*What is needed:* Would you please transcribe, exactly as written, the lines of the entries below starting at the one that holds "برند خندالو در" and ending at the one that holds "实验(如图2所示)中选择了不", both included?

*Entries shown:*
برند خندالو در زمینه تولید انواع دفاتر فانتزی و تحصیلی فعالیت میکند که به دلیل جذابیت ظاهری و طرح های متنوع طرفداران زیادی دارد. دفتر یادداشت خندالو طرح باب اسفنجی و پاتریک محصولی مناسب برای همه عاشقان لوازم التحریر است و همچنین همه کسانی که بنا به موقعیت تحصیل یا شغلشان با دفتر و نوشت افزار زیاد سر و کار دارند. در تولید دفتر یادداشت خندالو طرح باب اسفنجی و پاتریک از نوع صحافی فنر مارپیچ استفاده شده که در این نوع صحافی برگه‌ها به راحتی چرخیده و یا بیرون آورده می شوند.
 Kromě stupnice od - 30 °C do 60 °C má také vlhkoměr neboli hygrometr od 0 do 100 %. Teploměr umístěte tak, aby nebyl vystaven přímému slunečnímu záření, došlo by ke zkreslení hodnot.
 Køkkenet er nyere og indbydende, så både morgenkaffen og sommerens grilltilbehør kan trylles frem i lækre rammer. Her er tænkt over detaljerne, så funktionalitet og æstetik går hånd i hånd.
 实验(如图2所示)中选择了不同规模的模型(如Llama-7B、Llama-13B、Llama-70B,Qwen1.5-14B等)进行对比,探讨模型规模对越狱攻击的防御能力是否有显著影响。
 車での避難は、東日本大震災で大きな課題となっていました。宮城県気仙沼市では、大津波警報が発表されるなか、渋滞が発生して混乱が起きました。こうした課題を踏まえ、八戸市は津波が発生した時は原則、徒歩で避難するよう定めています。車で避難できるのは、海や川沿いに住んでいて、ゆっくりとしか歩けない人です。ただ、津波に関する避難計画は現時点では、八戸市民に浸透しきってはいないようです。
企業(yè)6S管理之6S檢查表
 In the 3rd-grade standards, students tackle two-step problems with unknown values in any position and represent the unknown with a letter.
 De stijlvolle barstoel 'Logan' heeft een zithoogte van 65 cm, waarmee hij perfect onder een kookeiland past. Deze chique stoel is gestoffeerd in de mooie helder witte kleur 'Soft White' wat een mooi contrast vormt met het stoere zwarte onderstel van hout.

* * *

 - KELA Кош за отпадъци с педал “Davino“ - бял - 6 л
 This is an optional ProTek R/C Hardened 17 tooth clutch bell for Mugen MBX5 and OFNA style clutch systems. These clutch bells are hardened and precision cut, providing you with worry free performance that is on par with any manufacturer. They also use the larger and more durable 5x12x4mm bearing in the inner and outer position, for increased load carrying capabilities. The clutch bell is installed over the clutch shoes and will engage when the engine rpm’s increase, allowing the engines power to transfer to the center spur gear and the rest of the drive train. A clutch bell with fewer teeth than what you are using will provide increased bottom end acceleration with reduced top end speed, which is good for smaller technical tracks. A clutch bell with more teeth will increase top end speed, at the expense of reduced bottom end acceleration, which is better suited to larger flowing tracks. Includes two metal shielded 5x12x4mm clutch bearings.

* * *

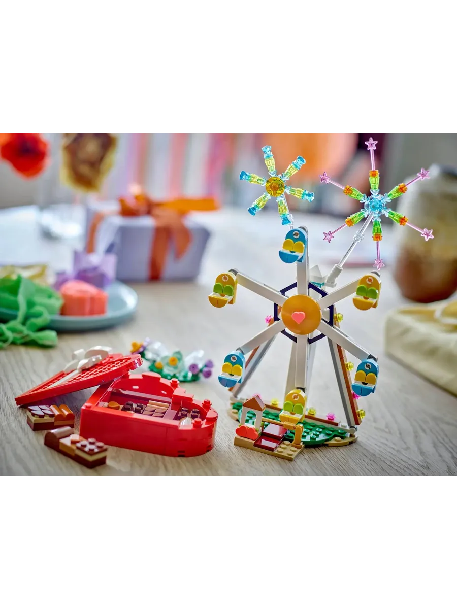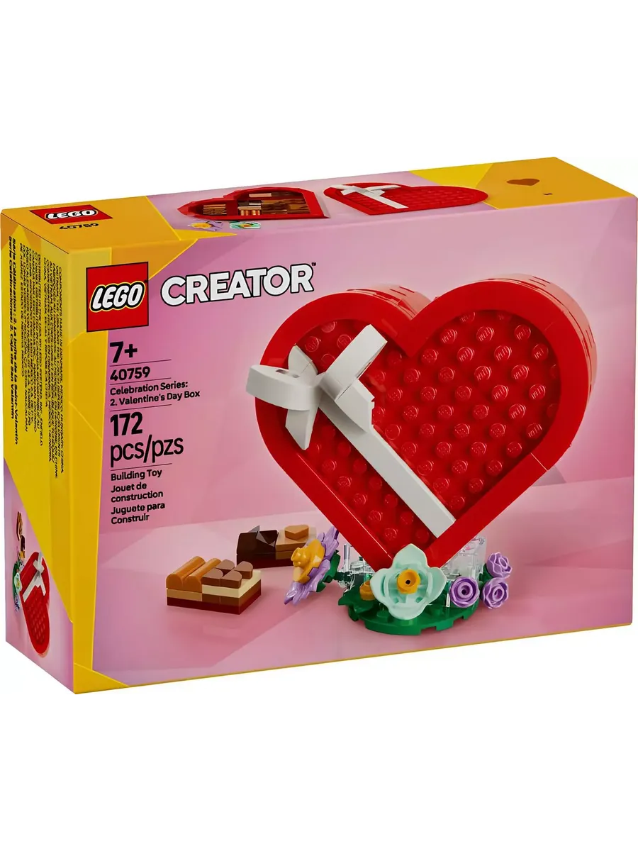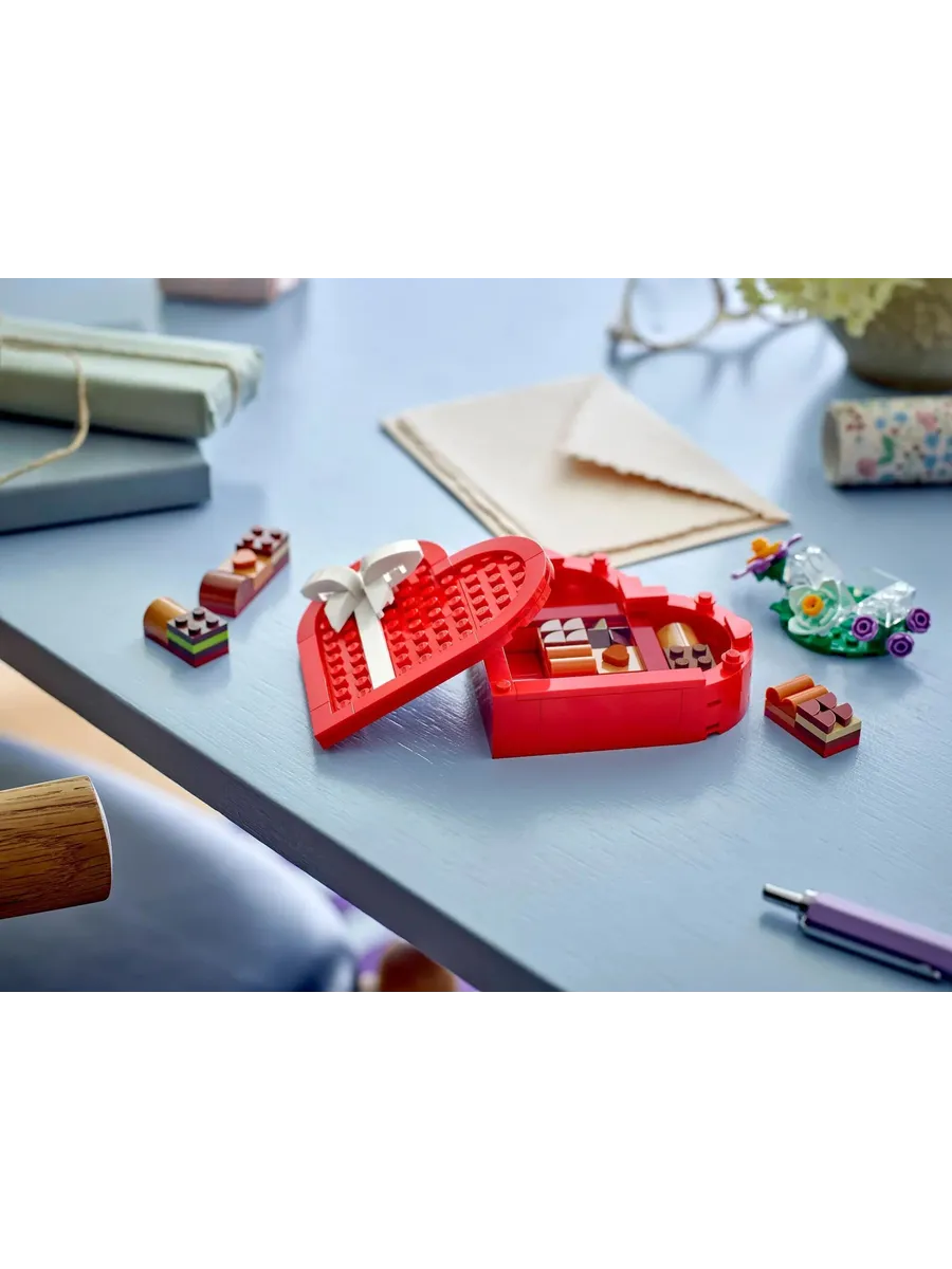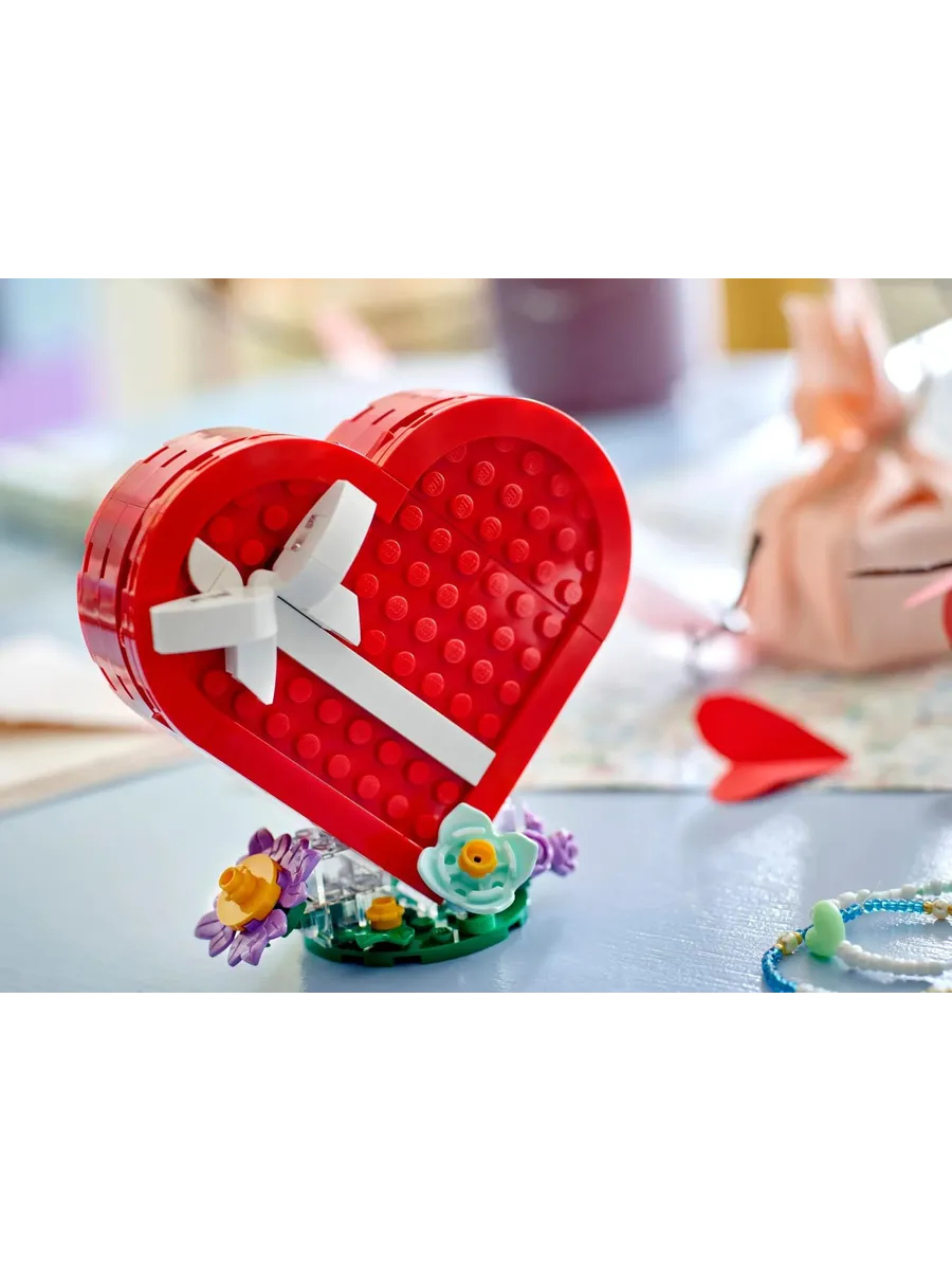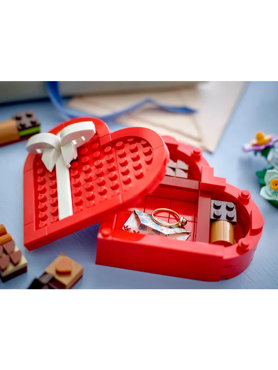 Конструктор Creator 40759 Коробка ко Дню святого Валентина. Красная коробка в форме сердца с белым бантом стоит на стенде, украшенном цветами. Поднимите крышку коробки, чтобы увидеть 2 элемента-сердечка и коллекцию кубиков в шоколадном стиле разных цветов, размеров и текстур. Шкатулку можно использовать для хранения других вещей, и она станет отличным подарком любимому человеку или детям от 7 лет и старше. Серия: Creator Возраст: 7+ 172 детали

*The answer:*
برند خندالو در زمینه تولید انواع دفاتر فانتزی و تحصیلی فعالیت میکند که به دلیل جذابیت ظاهری و طرح های متنوع طرفداران زیادی دارد. دفتر یادداشت خندالو طرح باب اسفنجی و پاتریک محصولی مناسب برای همه عاشقان لوازم التحریر است و همچنین همه کسانی که بنا به موقعیت تحصیل یا شغلشان با دفتر و نوشت افزار زیاد سر و کار دارند. در تولید دفتر یادداشت خندالو طرح باب اسفنجی و پاتریک از نوع صحافی فنر مارپیچ استفاده شده که در این نوع صحافی برگه‌ها به راحتی چرخیده و یا بیرون آورده می شوند.
 Kromě stupnice od - 30 °C do 60 °C má také vlhkoměr neboli hygrometr od 0 do 100 %. Teploměr umístěte tak, aby nebyl vystaven přímému slunečnímu záření, došlo by ke zkreslení hodnot.
 Køkkenet er nyere og indbydende, så både morgenkaffen og sommerens grilltilbehør kan trylles frem i lækre rammer. Her er tænkt over detaljerne, så funktionalitet og æstetik går hånd i hånd.
 实验(如图2所示)中选择了不同规模的模型(如Llama-7B、Llama-13B、Llama-70B,Qwen1.5-14B等)进行对比,探讨模型规模对越狱攻击的防御能力是否有显著影响。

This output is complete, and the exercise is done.